WHAT IS REQUIRED — Every record below is to be restated word for word, and no picture is to be copied.

*** RECORDS

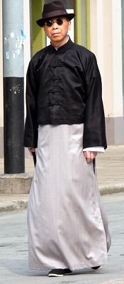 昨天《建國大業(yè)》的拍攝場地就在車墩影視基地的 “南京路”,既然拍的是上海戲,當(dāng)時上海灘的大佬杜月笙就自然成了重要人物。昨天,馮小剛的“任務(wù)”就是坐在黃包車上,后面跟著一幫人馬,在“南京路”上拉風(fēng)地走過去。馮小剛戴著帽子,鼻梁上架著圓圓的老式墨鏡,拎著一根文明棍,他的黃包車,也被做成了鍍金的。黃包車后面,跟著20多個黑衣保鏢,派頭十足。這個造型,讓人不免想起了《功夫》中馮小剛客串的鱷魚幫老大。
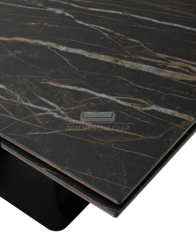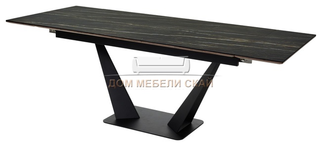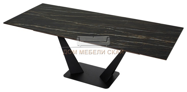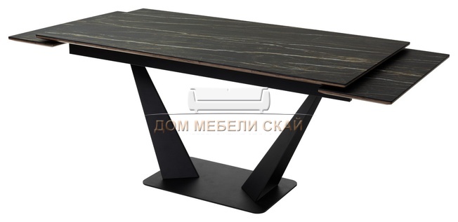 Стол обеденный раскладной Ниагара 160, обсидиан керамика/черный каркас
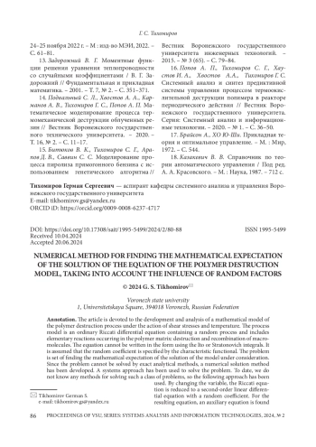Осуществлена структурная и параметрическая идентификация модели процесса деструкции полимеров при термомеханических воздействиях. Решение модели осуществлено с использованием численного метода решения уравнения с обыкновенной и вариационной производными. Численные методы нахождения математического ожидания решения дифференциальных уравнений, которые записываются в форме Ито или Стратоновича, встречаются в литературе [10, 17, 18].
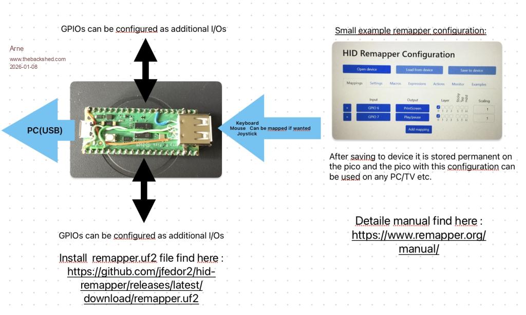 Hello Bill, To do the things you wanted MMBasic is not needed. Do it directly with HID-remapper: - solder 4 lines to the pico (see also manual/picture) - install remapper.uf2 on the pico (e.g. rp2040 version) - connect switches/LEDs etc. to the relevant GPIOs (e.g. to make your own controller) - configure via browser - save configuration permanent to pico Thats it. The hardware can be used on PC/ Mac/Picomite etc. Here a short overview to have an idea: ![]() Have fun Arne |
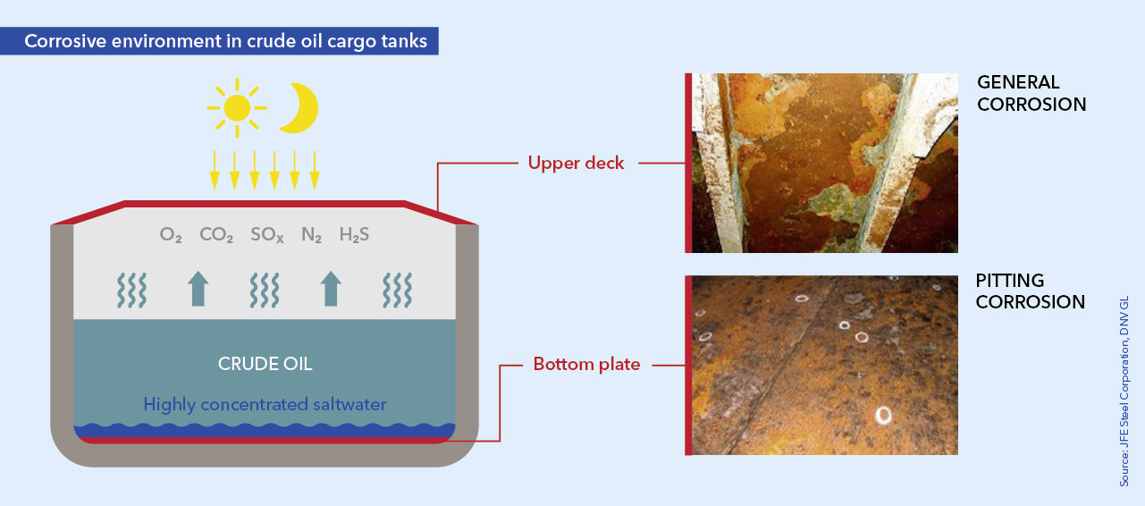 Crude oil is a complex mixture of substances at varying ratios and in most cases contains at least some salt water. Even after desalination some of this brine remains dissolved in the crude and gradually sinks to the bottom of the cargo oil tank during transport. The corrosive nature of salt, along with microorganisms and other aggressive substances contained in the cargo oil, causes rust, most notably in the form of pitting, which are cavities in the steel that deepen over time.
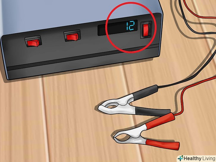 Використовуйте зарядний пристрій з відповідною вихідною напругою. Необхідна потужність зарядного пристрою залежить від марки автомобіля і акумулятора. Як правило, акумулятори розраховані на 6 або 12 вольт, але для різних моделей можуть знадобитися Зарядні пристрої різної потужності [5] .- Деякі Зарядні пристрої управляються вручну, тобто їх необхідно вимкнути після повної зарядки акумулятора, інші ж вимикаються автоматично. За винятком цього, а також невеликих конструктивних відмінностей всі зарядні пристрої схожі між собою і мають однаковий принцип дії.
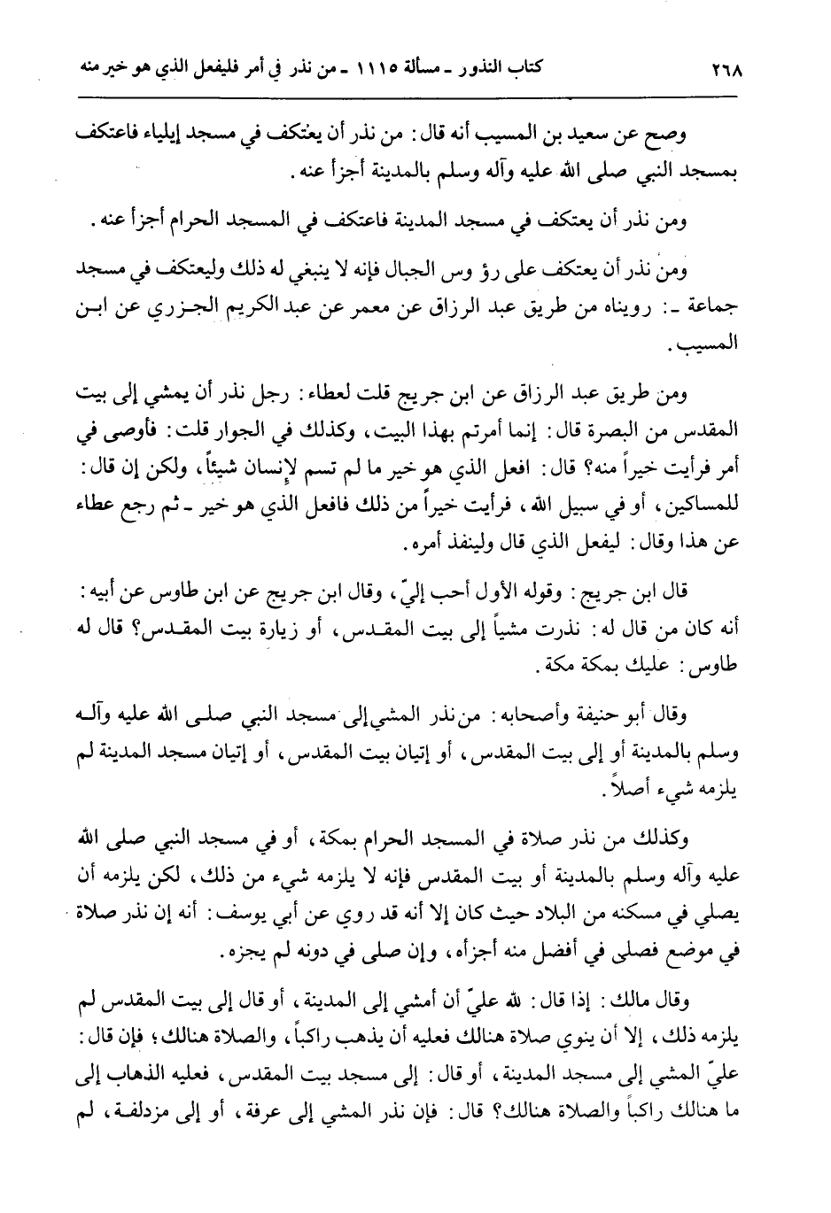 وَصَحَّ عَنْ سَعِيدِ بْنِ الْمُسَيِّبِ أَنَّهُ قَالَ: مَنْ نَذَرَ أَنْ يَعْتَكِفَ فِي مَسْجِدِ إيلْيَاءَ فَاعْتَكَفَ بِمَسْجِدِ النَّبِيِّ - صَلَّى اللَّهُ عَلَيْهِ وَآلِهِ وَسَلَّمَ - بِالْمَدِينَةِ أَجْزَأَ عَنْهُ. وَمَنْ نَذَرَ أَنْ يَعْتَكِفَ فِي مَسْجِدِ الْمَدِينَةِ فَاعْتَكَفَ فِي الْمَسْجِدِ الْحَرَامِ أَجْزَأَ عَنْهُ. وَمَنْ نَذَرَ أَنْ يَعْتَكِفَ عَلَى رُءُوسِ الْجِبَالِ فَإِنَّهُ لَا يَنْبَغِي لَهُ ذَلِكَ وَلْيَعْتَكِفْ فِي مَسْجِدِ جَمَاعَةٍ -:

******

ANSWER SPACE —
 昨天《建國大業(yè)》的拍攝場地就在車墩影視基地的 “南京路”,既然拍的是上海戲,當(dāng)時上海灘的大佬杜月笙就自然成了重要人物。昨天,馮小剛的“任務(wù)”就是坐在黃包車上,后面跟著一幫人馬,在“南京路”上拉風(fēng)地走過去。馮小剛戴著帽子,鼻梁上架著圓圓的老式墨鏡,拎著一根文明棍,他的黃包車,也被做成了鍍金的。黃包車后面,跟著20多個黑衣保鏢,派頭十足。這個造型,讓人不免想起了《功夫》中馮小剛客串的鱷魚幫老大。
 Стол обеденный раскладной Ниагара 160, обсидиан керамика/черный каркас
Осуществлена структурная и параметрическая идентификация модели процесса деструкции полимеров при термомеханических воздействиях. Решение модели осуществлено с использованием численного метода решения уравнения с обыкновенной и вариационной производными. Численные методы нахождения математического ожидания решения дифференциальных уравнений, которые записываются в форме Ито или Стратоновича, встречаются в литературе [10, 17, 18].
 Hello Bill, To do the things you wanted MMBasic is not needed. Do it directly with HID-remapper: - solder 4 lines to the pico (see also manual/picture) - install remapper.uf2 on the pico (e.g. rp2040 version) - connect switches/LEDs etc. to the relevant GPIOs (e.g. to make your own controller) - configure via browser - save configuration permanent to pico Thats it. The hardware can be used on PC/ Mac/Picomite etc. Here a short overview to have an idea: ![]() Have fun Arne |
 Crude oil is a complex mixture of substances at varying ratios and in most cases contains at least some salt water. Even after desalination some of this brine remains dissolved in the crude and gradually sinks to the bottom of the cargo oil tank during transport. The corrosive nature of salt, along with microorganisms and other aggressive substances contained in the cargo oil, causes rust, most notably in the form of pitting, which are cavities in the steel that deepen over time.
 Використовуйте зарядний пристрій з відповідною вихідною напругою. Необхідна потужність зарядного пристрою залежить від марки автомобіля і акумулятора. Як правило, акумулятори розраховані на 6 або 12 вольт, але для різних моделей можуть знадобитися Зарядні пристрої різної потужності [5] .- Деякі Зарядні пристрої управляються вручну, тобто їх необхідно вимкнути після повної зарядки акумулятора, інші ж вимикаються автоматично. За винятком цього, а також невеликих конструктивних відмінностей всі зарядні пристрої схожі між собою і мають однаковий принцип дії.
 وَصَحَّ عَنْ سَعِيدِ بْنِ الْمُسَيِّبِ أَنَّهُ قَالَ: مَنْ نَذَرَ أَنْ يَعْتَكِفَ فِي مَسْجِدِ إيلْيَاءَ فَاعْتَكَفَ بِمَسْجِدِ النَّبِيِّ - صَلَّى اللَّهُ عَلَيْهِ وَآلِهِ وَسَلَّمَ - بِالْمَدِينَةِ أَجْزَأَ عَنْهُ. وَمَنْ نَذَرَ أَنْ يَعْتَكِفَ فِي مَسْجِدِ الْمَدِينَةِ فَاعْتَكَفَ فِي الْمَسْجِدِ الْحَرَامِ أَجْزَأَ عَنْهُ. وَمَنْ نَذَرَ أَنْ يَعْتَكِفَ عَلَى رُءُوسِ الْجِبَالِ فَإِنَّهُ لَا يَنْبَغِي لَهُ ذَلِكَ وَلْيَعْتَكِفْ فِي مَسْجِدِ جَمَاعَةٍ -:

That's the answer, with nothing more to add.